Вечер. В штабе батальона все в сборе. Одни лежат на нарах с цигаркой во рту, о чем-то думают, устремив свой взор на черный потолок. Другие за столиком пишут письма.

— Может, последнее, — говорит лейтенант Бедов, поправляя спустившиеся на лоб пряди волос. — И не хотелось бы так думать, а там черт его знает... Уж лучше сейчас быть готовым ко всему, — продолжал рассуждать помкомбата, бережно складывая письмо треугольником.

С парторгом Лантухом разбираемся в полевых сумках.

Глубокое молчание.

— Люди помыты, пострижены, побриты, — говорю я Лантуху. — Мы в бане тоже помылись, а побриться не успели. Давай-ка приведем себя в порядок.

— Ты прав. Вот когда будем в Москве, побреемся в столичной парикмахерской и обязательно у девушки, чтобы она массаж своими нежными ручками сделала, — говорит вдруг парторг.

— Сейчас как-нибудь обойдемся сами, — проводя лезвием по подбородку, откликаюсь я на его лирические высказывания...

Четыре часа. Все на ногах. Связные обходят роты.

— Ну, друзья, собирайся в поход! — обратился комбат. Он натягивает на себя поверх полушубка новенький, снежной белизны маскировочный халат, побеленную каску.

Следуя его указаниям, надеваем и мы маскхалаты, поправляем ремни с пистолетами, только что полученные новые кортики. В полевую сумку вместе с блокнотом, полевой картой вкладываем лоскут полотенца, [142] мыло, коробочку с бритвенным прибором. Отряхнувшись, поправляем маскхалаты, держа в руках ушанки. Многие надели каски.

Обнимаем друг друга, даем взаимную клятву:

— Не подведем!

Медленно движемся на исходные позиции. Впереди в темную непроглядную ночь беспрестанно взлетают ракеты. Бойцы занимают траншеи. Разрешаем последний перекур. Протискиваюсь по траншеям, чтобы еще раз проверить готовность в ротах. Довольный солдатской бодростью, я проползаю на четвереньках в тесный с низким настилом КП.

— Роты готовы, комбат!

— Добре, комиссар, — так уж по традиции называет он меня.

Шли последние минуты знакомого напряженного ожидания.

Комбат Швыдченко посмотрел на ручные часы. Скоро шесть.

В это время морозный воздух огласился мощным залпом орудий. Земля задрожала. Началась артиллерийская обработка переднего края врага. Море огня. Выстрелы и взрывы перешли в сплошной несмолкаемый гул. Небо озарилось каскадами вспышек, громовыми раскатами «катюш».

В сторону врага взлетают три красные ракеты. Следя взглядом за их взлетом, комбат кричит начальнику штаба:

— Пускай!

Начальник штаба только этого и ждал. С азартом дает выстрел из ракетницы. Красной змейкой взвилась маленькая комета. Вслед ей последовал свисток-сигнал к наступлению. Пехота заколыхалась. Доля минуты какого-то оцепенения. Политруки — это их [143] долг — первыми выскакивают из траншеи с возгласами:

— За Родину!

За ними устремляются бойцы. Вот они кубарем скатываются по снежному склону и медленно растекаются по полю.

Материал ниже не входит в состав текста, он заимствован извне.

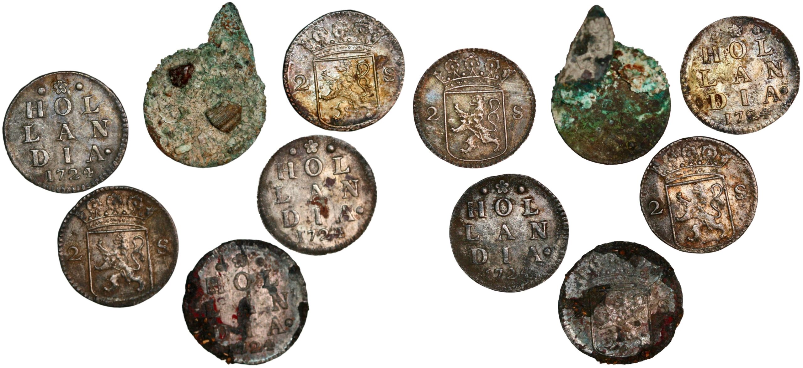 - Netherlands, Holland, 2 stuiver 1724 (six coins) – KM 48; Rønning 4. Total weight: 8,61 g.

Впереди окутанные дымом и снежной пылью, с гулом спешат танки. Они сминают колючие ограждения, окопные бугры. Грохот артиллерии нарастает. Грузно летят бомбардировщики.

Штурм вражеской позиции начался.

На КП батальона резкий зуммер.

— Двинулись? — справляются из полка.

— Уже, уже, товарищ командир! — не без волнения отвечает комбат.

По колени в снегу перебежками и ползком передвигаются воины. Перебираясь через брустверы вражеских окопов, через трупы фашистов, бойцы идут дальше и дальше, следом за валом огня артиллерии.

Преодолев первую преграду, приближаемся ко второй линии укреплений. Расстроенные ряды фашистов пытаются цепляться за высоту. Батальон по их пятам врывается в селение. Передвигается артиллерия, хозяйство батальона. Санитары в рядах стрелков. Не упуская из виду всего происходящего, спешим мы с комбатом и парторгом. Лейтенант Бедов в ротах, Терновых со связистами старается настроить телефон.

Завалы в окопах, поверженные фашистские пушки, черные воронки, клубы дыма.

В подвале полуразрушенного дома санитары устроили первый приют раненым. Ползком влезаем туда. Сквозь темноту разглядываем, как теснятся один к другому стонущие раненые. Они лежат вокруг маленьких тлеющих костров, среди едкого с горечью дыма. [144]

Двое санитаров на корточках пробираются между ними, оказывая первую необходимую помощь.

Подбодрив раненых, выбираемся из подвала и перебежками спешим по траншеям.

Едва прыгнули в углубление окопа, как грохнул вражеский орудийный залп. Снаряд угодил в этот полуразрушенный дом. Резкий взрыв. Клубы дыма и пыли с комьями земли. Остатки избы рухнули, засыпав раненых и их спасителей-санитаров. С гневом смотрели мы на то место, где были раненые. Вокруг начали хлопотать бойцы-саперы с подоспевшими другими санитарами. Надо спасти живых из-под завала.

Терновых сидит на дне окопа, согнувшись возле телефониста, пытавшегося связаться с ротами.

— Хватит тебе тут ковыряться с телефоном, — сердито говорит комбат в сторону начальника штаба. — Пошли в поле.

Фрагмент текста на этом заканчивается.